No matter what magic he creates, or digs up from old records, or learns from strange lands, these scars do not heal. They do not disappear.
They are not a badge of pride, that bring cooing breaths of admiration and hands happy to worship his skin.
To hide in the shadows, untouched, that is the only way I can continue to be me. The light will strip me bare one of these days, and I will have nothing left.
They are memories. Old memories, of wounds. And they will not disappear from his skin until he puts the pain to rest. But there is no way to do that, because there is no one to whom to show them.
Not that anyone-you or I-like me.
He closes his eyes with a sigh. It is dark, restful, understandable. He reaches to the familiar candle wick and snuffs out the little star, letting it burn him as it will before he absorbs its death throes into his skin. Unlike his brother, he stands by the lives he takes as they cease to be, rather than blowing out a star simply with his stride and not noticing the trail of smoke left behind him.

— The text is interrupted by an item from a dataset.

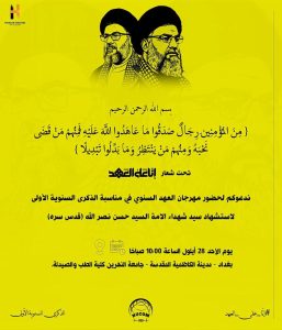 طلبة كليتي الصيدلة والطب في جامعة النهرين يقيمون مهرجاناً تأبينياً في الذكرى السنوية الأولى لاستشهاد سماحة الأمين العام لحزب الله السيد حسن نصر الله (رضوان الله تعالى عليه)

The last of the smoke draws into him, and he breathes clean air. With eyes closed, he hopes his dreams will not be nightmares, this night. His day has had enough of them.
The stars he can reach put to rest for the night, he wraps himself in the pelts of dead animals and finally sleeps. It is a land of darkness he slips into when he dreams: his friend, his home. His one and only faithful subject, which does not ask to give him scars in order to be lead by him.